= TASK TO COMPLETE =
What is needed is a word-for-word copy of the lines below from the one with "RED: WOHL, Andrzej." through the one with "- Suitable Size: This", both included, with every picture left out.

= PROVIDED RECORDS =
= Beginning of Section =
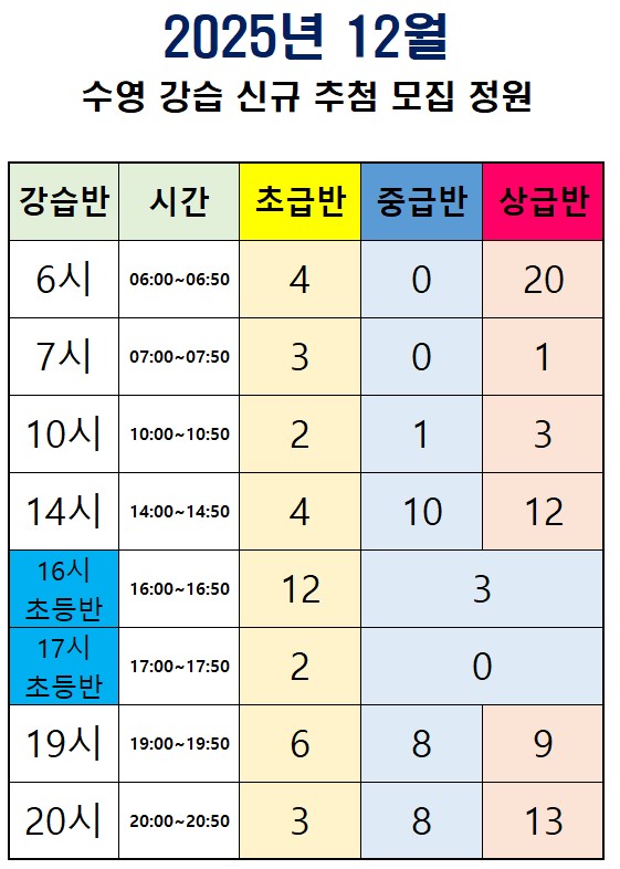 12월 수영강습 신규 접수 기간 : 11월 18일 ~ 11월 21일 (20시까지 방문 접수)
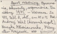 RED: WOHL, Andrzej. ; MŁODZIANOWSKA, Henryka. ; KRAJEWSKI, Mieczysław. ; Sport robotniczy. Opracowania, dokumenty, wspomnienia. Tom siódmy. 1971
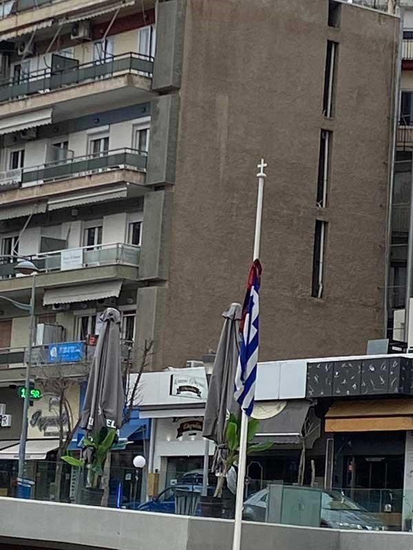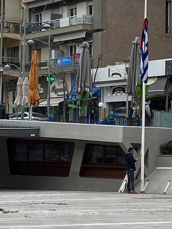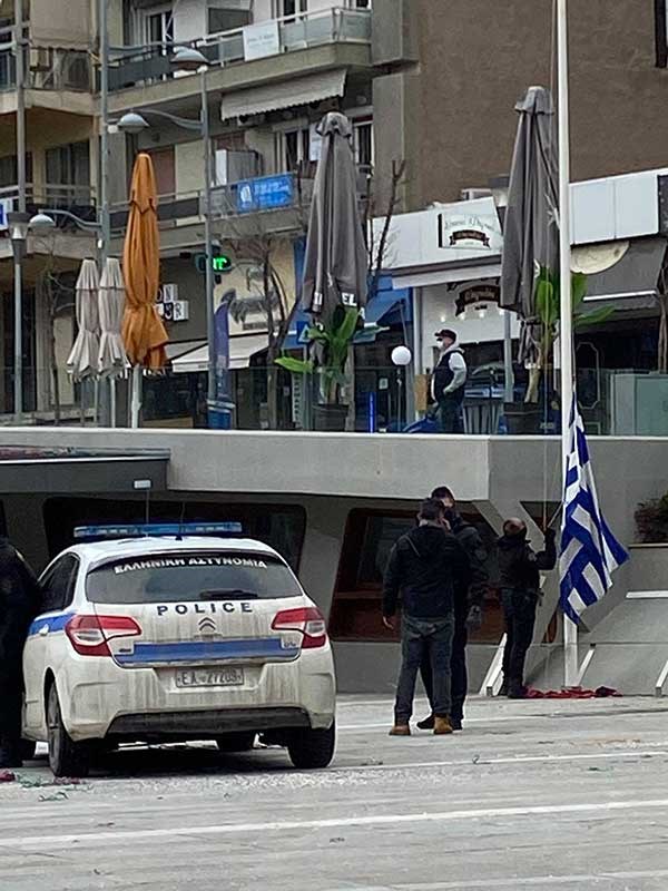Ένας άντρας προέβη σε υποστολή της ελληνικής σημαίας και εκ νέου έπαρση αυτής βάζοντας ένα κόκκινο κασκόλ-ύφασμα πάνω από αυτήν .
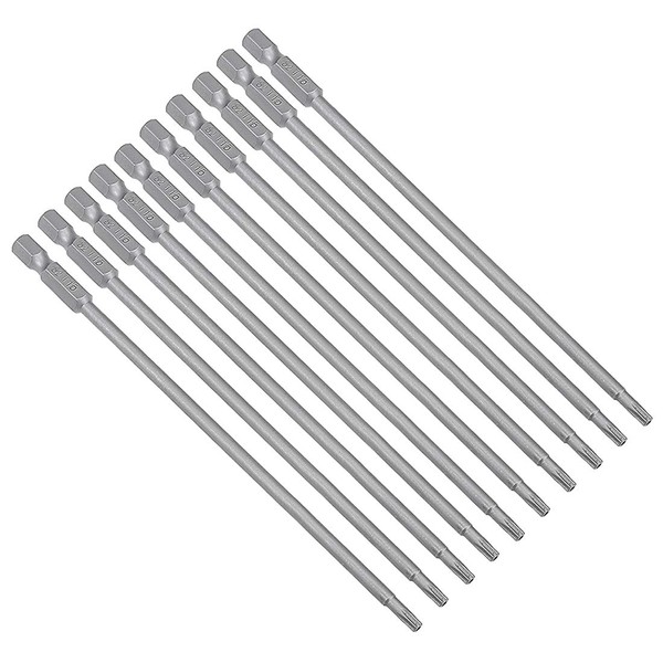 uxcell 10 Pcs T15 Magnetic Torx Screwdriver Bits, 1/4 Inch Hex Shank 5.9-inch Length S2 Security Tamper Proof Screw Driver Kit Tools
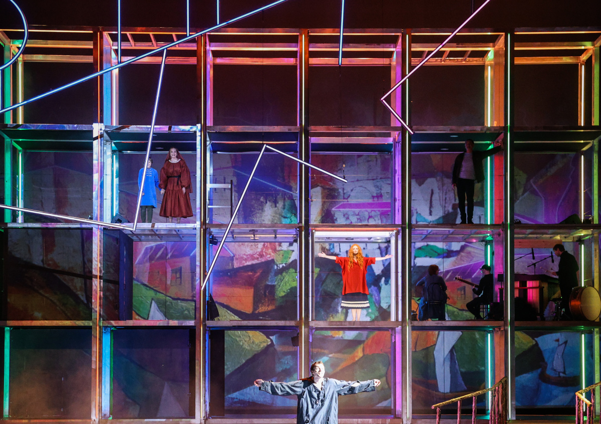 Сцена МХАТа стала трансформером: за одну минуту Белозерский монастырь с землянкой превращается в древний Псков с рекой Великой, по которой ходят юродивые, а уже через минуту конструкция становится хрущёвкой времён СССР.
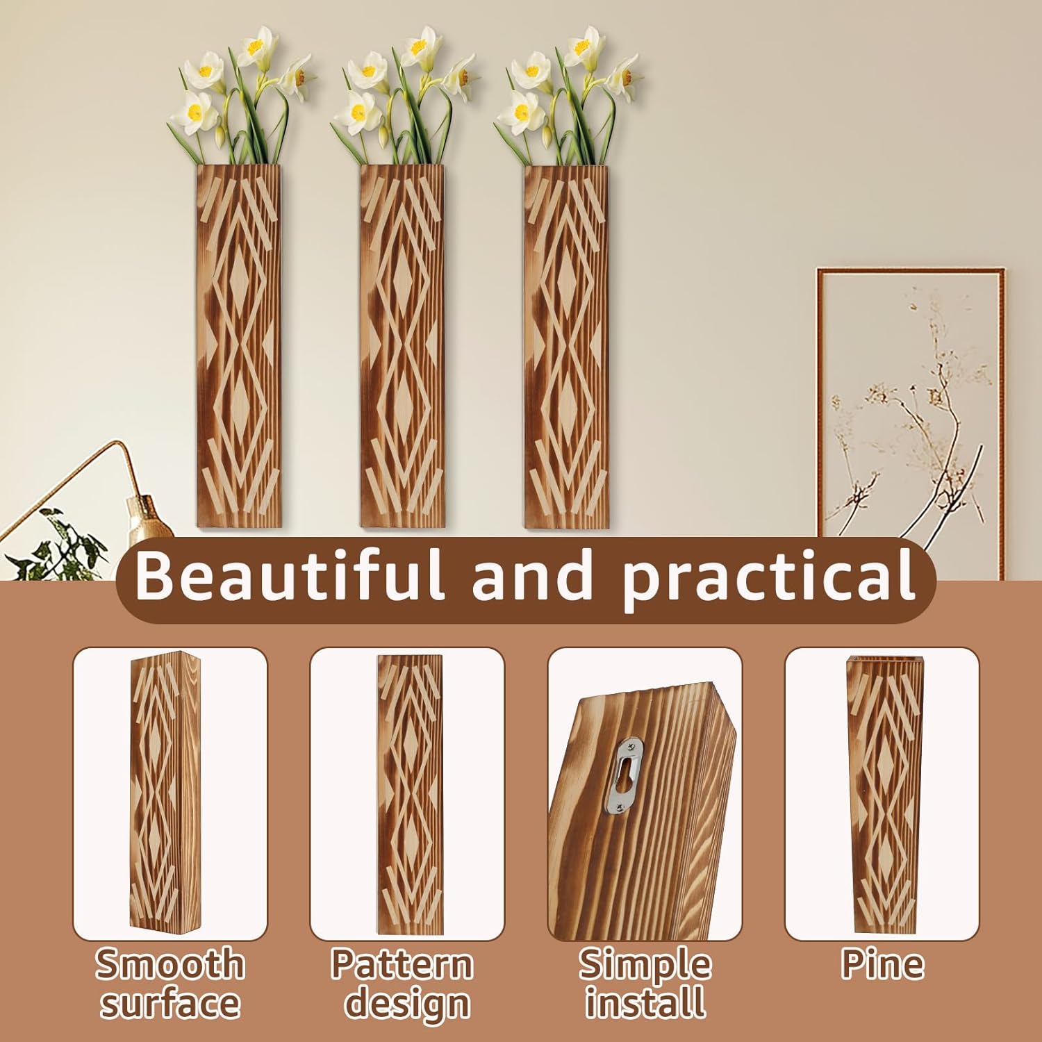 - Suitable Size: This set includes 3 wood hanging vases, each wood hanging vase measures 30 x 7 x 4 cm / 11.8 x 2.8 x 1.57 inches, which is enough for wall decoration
= End of Section =
= Beginning of Section =
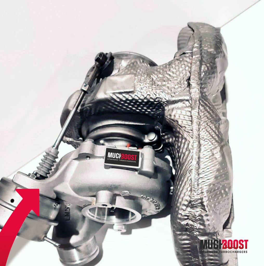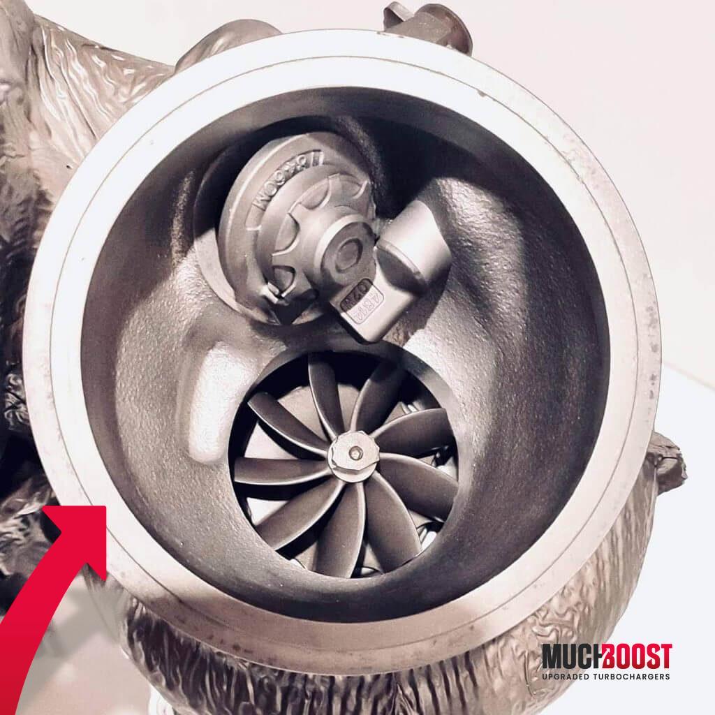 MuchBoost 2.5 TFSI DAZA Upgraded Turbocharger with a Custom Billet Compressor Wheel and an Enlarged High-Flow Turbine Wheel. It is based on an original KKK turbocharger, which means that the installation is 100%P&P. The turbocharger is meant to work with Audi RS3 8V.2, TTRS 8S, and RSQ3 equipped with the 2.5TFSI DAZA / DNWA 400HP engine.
= End of Section =
= Beginning of Section =
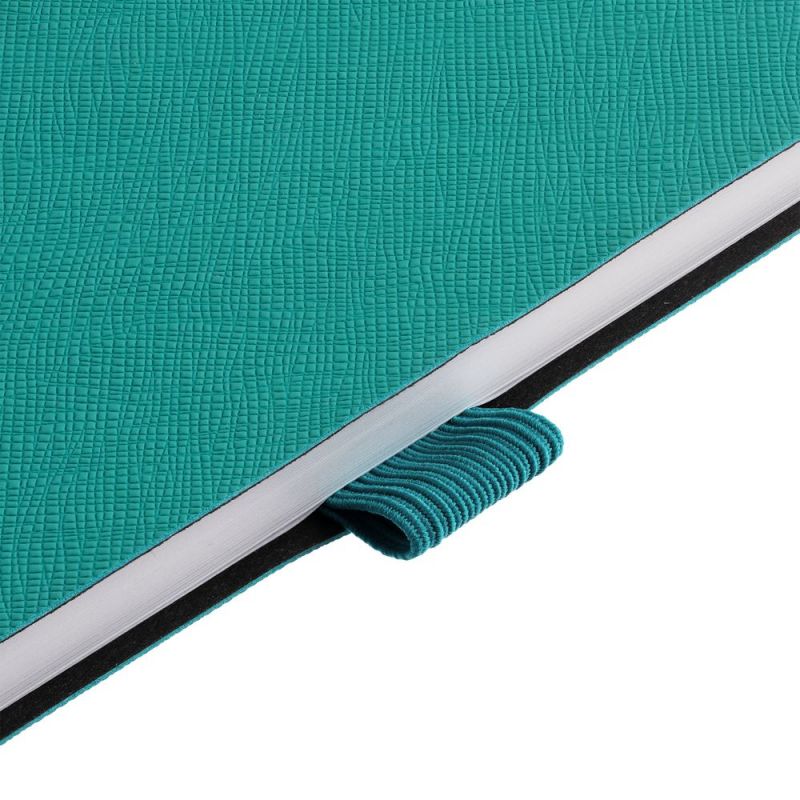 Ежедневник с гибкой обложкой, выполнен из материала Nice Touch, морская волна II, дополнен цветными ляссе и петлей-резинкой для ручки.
= End of Section =
= ANSWER =
 RED: WOHL, Andrzej. ; MŁODZIANOWSKA, Henryka. ; KRAJEWSKI, Mieczysław. ; Sport robotniczy. Opracowania, dokumenty, wspomnienia. Tom siódmy. 1971
Ένας άντρας προέβη σε υποστολή της ελληνικής σημαίας και εκ νέου έπαρση αυτής βάζοντας ένα κόκκινο κασκόλ-ύφασμα πάνω από αυτήν .
 uxcell 10 Pcs T15 Magnetic Torx Screwdriver Bits, 1/4 Inch Hex Shank 5.9-inch Length S2 Security Tamper Proof Screw Driver Kit Tools
 Сцена МХАТа стала трансформером: за одну минуту Белозерский монастырь с землянкой превращается в древний Псков с рекой Великой, по которой ходят юродивые, а уже через минуту конструкция становится хрущёвкой времён СССР.
 - Suitable Size: This set includes 3 wood hanging vases, each wood hanging vase measures 30 x 7 x 4 cm / 11.8 x 2.8 x 1.57 inches, which is enough for wall decoration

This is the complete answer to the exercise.